The qualitative research reveals that the largest group monitored using EEG in the ICU consists of patients suffering from postanoxic encephalopathy, which can be a complication of a cardiac arrest. Therefore, in Chapter 3, we examine the technical requirements for optimal EEG monitoring. Specifically, we focus on the necessary number of EEG electrodes for reliable automatic classification of the EEG background pattern in postanoxic encephalopathy. By training an Random Forest (RF) classifier with input from 12, 10, 8, 6, and 4 EEG electrodes, we develop a model with a micro-averaged One-vs-Rest (OvR) Area Under the Curve - Receiver Operating Characteristics (AUC-ROC) value of 0.923, 0.924, 0.924, 0.925, and 0.923 (p-value: 0.279) for the different numbers of electrodes respectively. The constant performance of the model suggests that a reduced number of electrodes may be sufficient for monitoring this patient group, potentially reducing the workload for EEG technicians. Automatic assessment of the EEG can also contribute to a decreased workload for clinical neurophysiologists.

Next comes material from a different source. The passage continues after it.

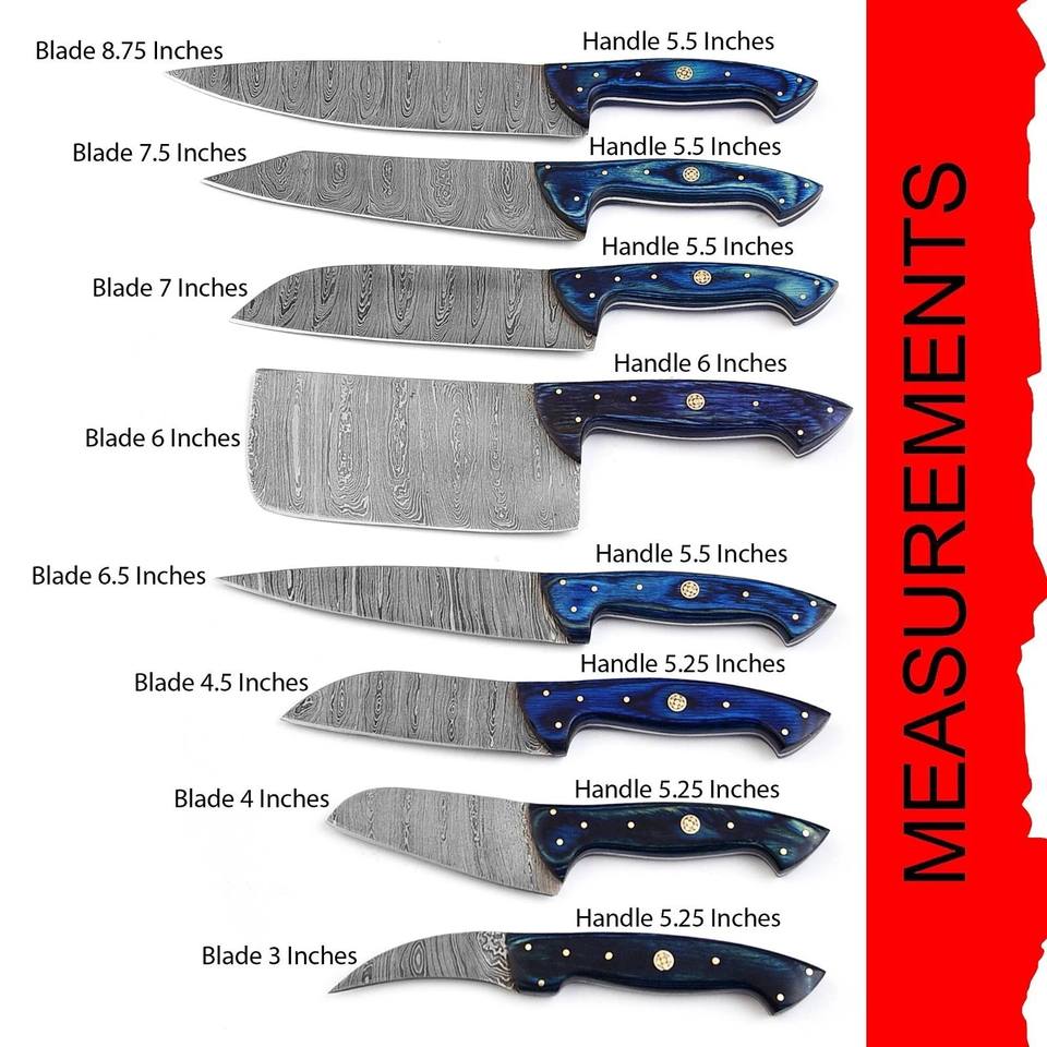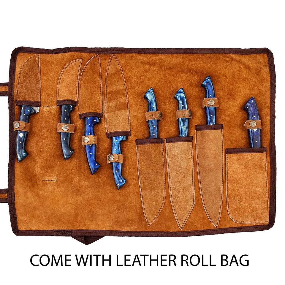 Ensemble de couteaux de chef en acier Damas avec manche en bois Pakka, huit pièces, forgés sur mesure, faits à la main, OEM, couteaux de cuisine professionnels avec sac

In Chapter 4 we provide the conclusions and future perspectives of this thesis. We have demonstrated the potential for change in the EEG monitoring workflow at the ICU of the Erasmus MC, indicating that there is an opportunity to work towards more effective and efficient neuromonitoring. Future research should focus on a broader range of logistical and technical prerequisites - including effective interdepartmental collaboration and which EEG equipment to use - thereby creating opportunities to improve treatment and outcomes of critically ill patients.